我们已进行的描述适用于这种事态的最极端的例子,但是在许多病例中这个因素只在很小的程度上被计算在内,也许在所有相对严重的神经症病例中也是如此。事实上,在这种情况里恰恰可能是,自我典范的态度和这个因素,决定着神经症的严重程度。因此,我们应毫不犹豫地更充分地讨论罪恶感在不同的条件下表现自己的方式。
对通常的有意识的罪恶感(良心)作出解释并不困难;它建立在自我和自我典范之间的紧张之上,它是自我用它的批评能力进行谴责的表现。在神经症中人们熟知的自卑感可能离这种罪恶感不远。在两种我们很熟悉的疾病中,罪恶感过分强烈地被意识到;在这两种疾病中,自我典范表现得特别严厉,经常以残酷的方式激烈地反对自我。自我典范的态度在这两种情况下,即在强迫性神经症和忧郁症的情况下,除了表现出这个共同点以外,还表现出很重要的区别。
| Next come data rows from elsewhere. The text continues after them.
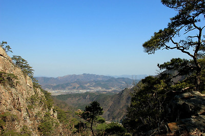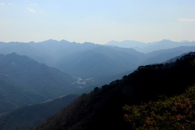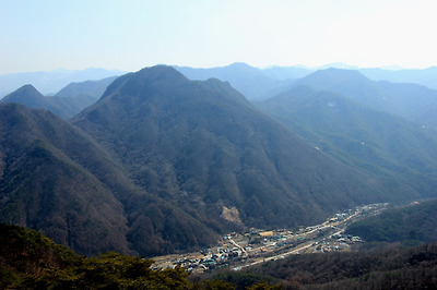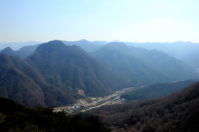 아래로 쌍곡계곡의 도로가 보이고 멀리 성불산이 바라보인다.
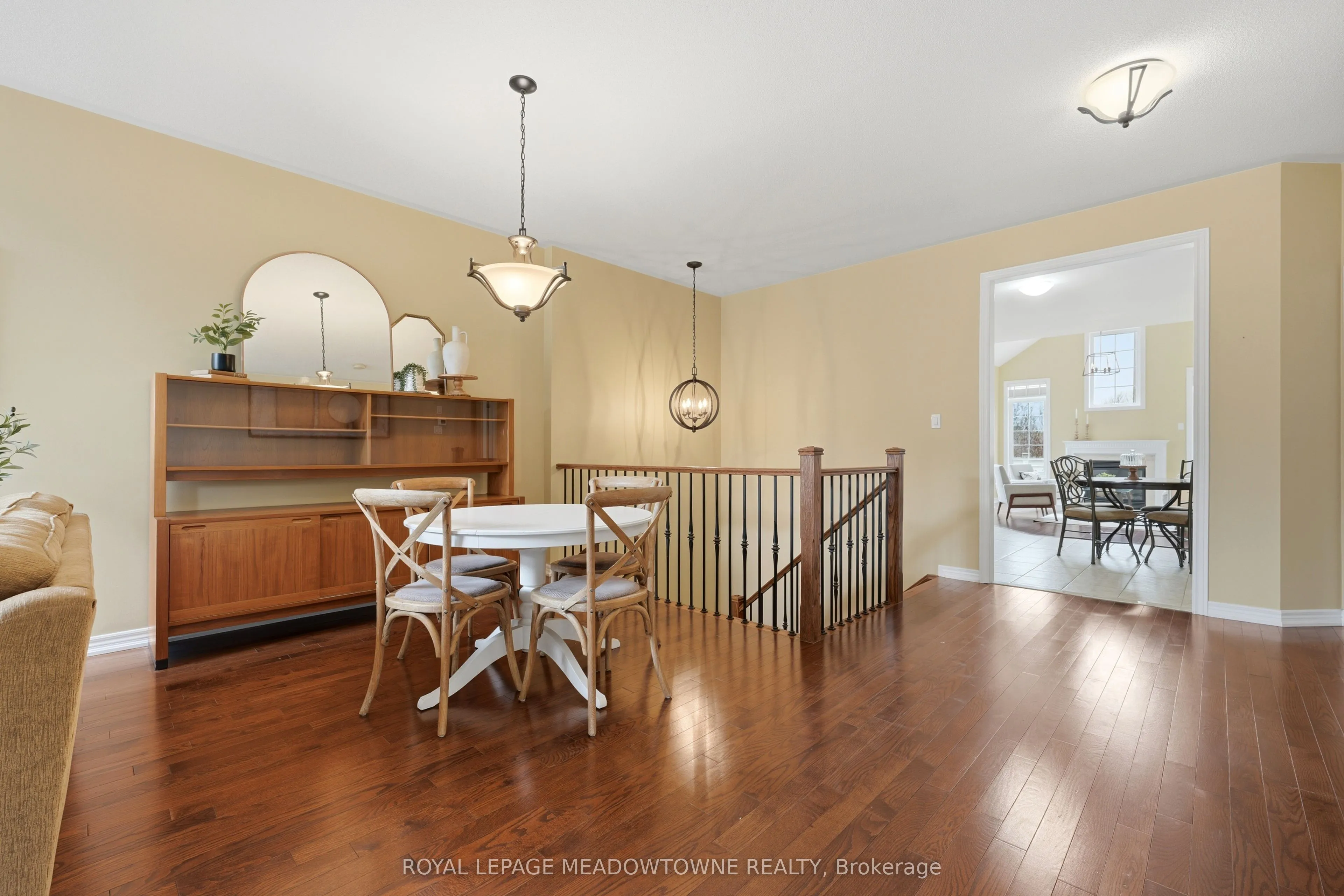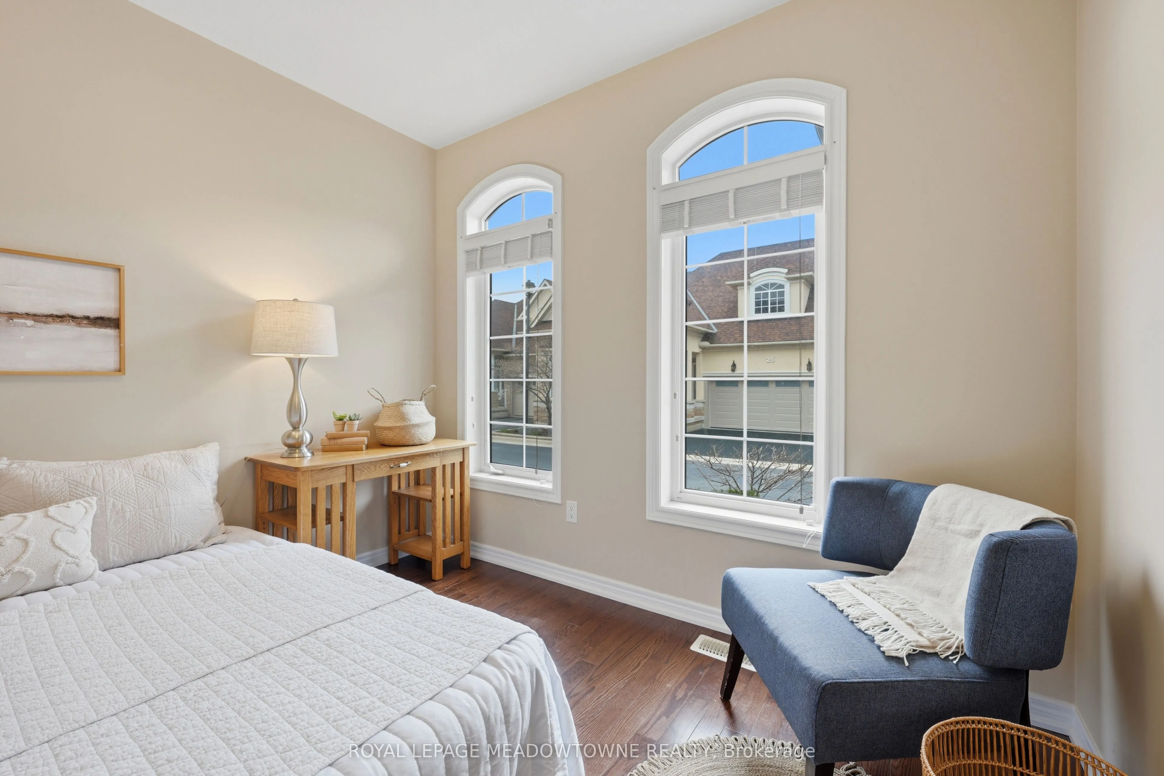 Beautiful 2-bedroom, 2-bathroom bungalow with low-maintenance living with parking for 2 cars (1 garage & 1 on upgraded rubber driveway). The home features gleaming hardwood flooring throughout, tile in the eat-in kitchen, & impressive 9-foot ceilings that enhance the bright, open feel. The front entrance with closet leads into the formal living & dining room at the front of the home, highlighted by hardwood flooring and a large feature window allowing natural light to pour in. The eat-in kitchen offers excellent flow with a centre sit-up island overlooking the breakfast area and family room. Features include quartz countertops, stainless steel appliances, double sink, and ample cabinetry including pantry. The family room is warm and inviting with a cathedral ceiling, gas fireplace, and four windows that brighten the space. A walk-out from the kitchen leads to the backyard. Off the kitchen is the mudroom & laundry space that provides tile flooring, access to the garage, large double closet & an additional walk-out to the backyard. The spacious primary suite features a tray ceiling, walk-in closet, large window, & 5pc ensuite with deep soaker tub including a handheld shower head, 2 sinks, and separate glassed shower. The second bedroom is generously sized with two arched windows & closet space. Hardwood stairs lead to the unfinished basement, offering great potential to create additional living space with the high ceiling height, open space and rough-in for an additional bathroom. Enjoy easy maintenance with turf in both the front & backyard, plus a private deck space to relax outdoors. Some notable features include; Shingles (2020), Furnace (2021), AC (2021), Rubber Driveway, Turf Landscaping, Hardwood Flooring, and Whirlpool stainless steel appliances. Conveniently located within walking distance to grocery stores, restaurants, shopping, church, parks & more. Common Elements fee of $155/Mth For Snow Removal, Garbage Pickup, Common Elements Maintenance.
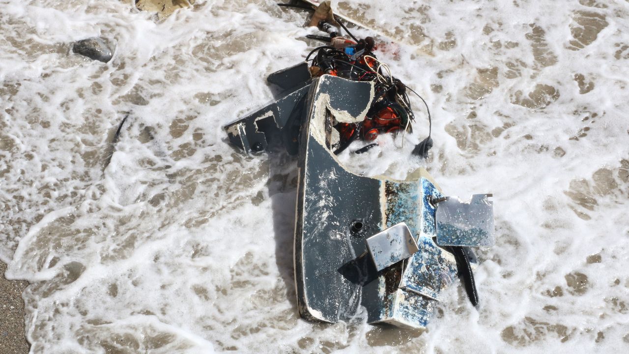 Şiddetli rüzgar ve dalgaların zarar verdiği balıkçı teknesi, bir süre sonra Soğukkapı Plajı'na vurdu.
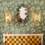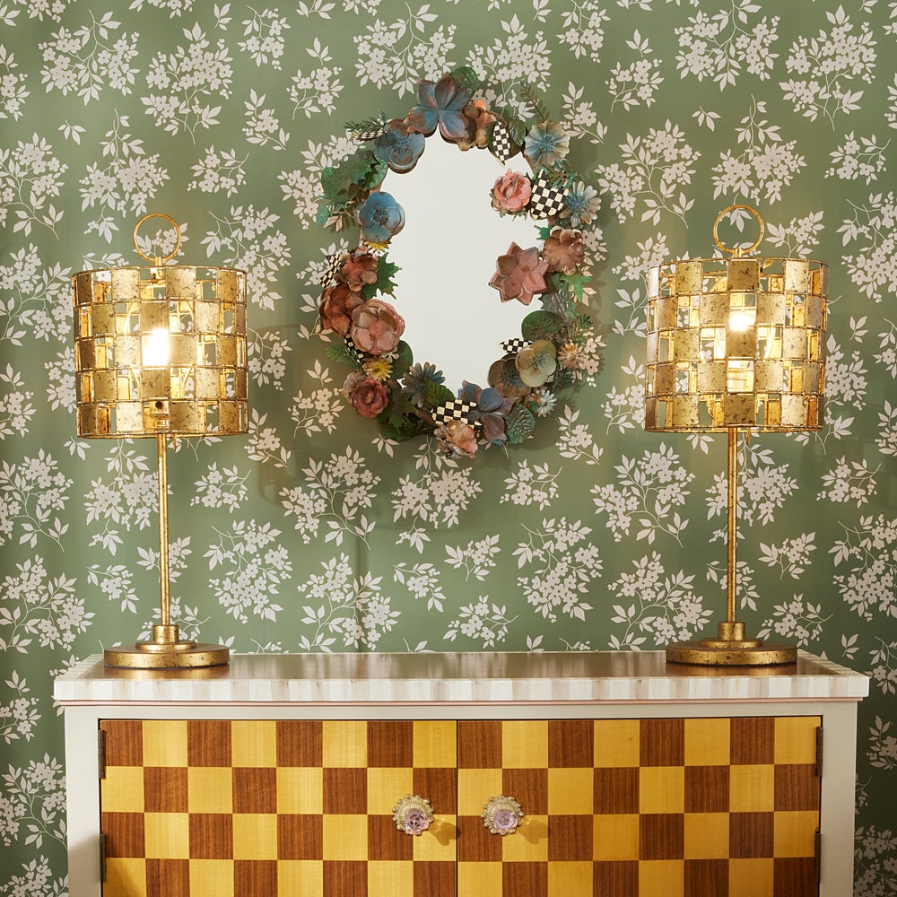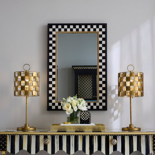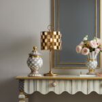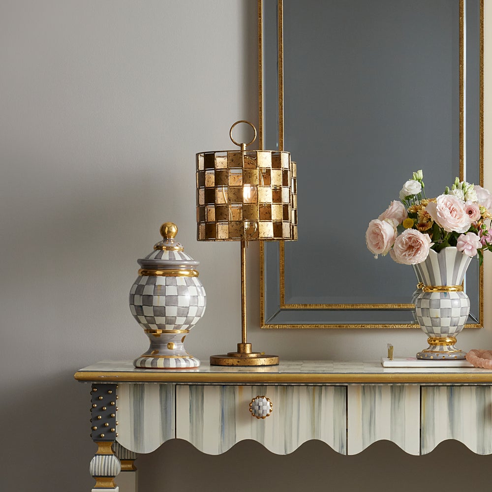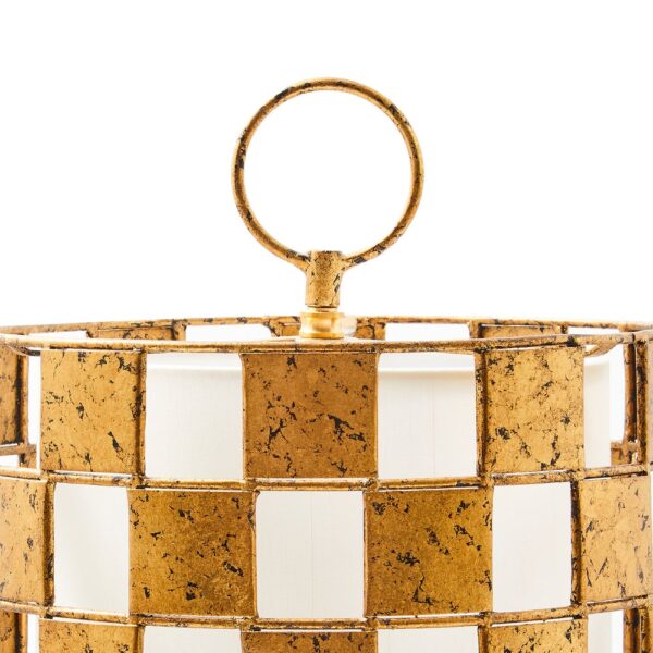 Be enlightened by this table lamp that features an outer metal shade with open and closed checks, finished with 14K gold leaf, which wraps around an inner fabric drum shade.

在强迫性神经症的某些形式中,罪恶感太嘈杂,但又不能面对自我为自己辩护。因而病人的自我背叛了罪恶的污名并在与这污名断绝关系时寻求医生的支持。默认这污名是愚蠢的,因为这样做是没有结果的。分析最终表明超我受到了对自我来说是未知过程的影响。发现真正的罪恶感底层的被压抑的冲动是可能的。这样,在这种情况中,超我比自我更知道无意识的本我。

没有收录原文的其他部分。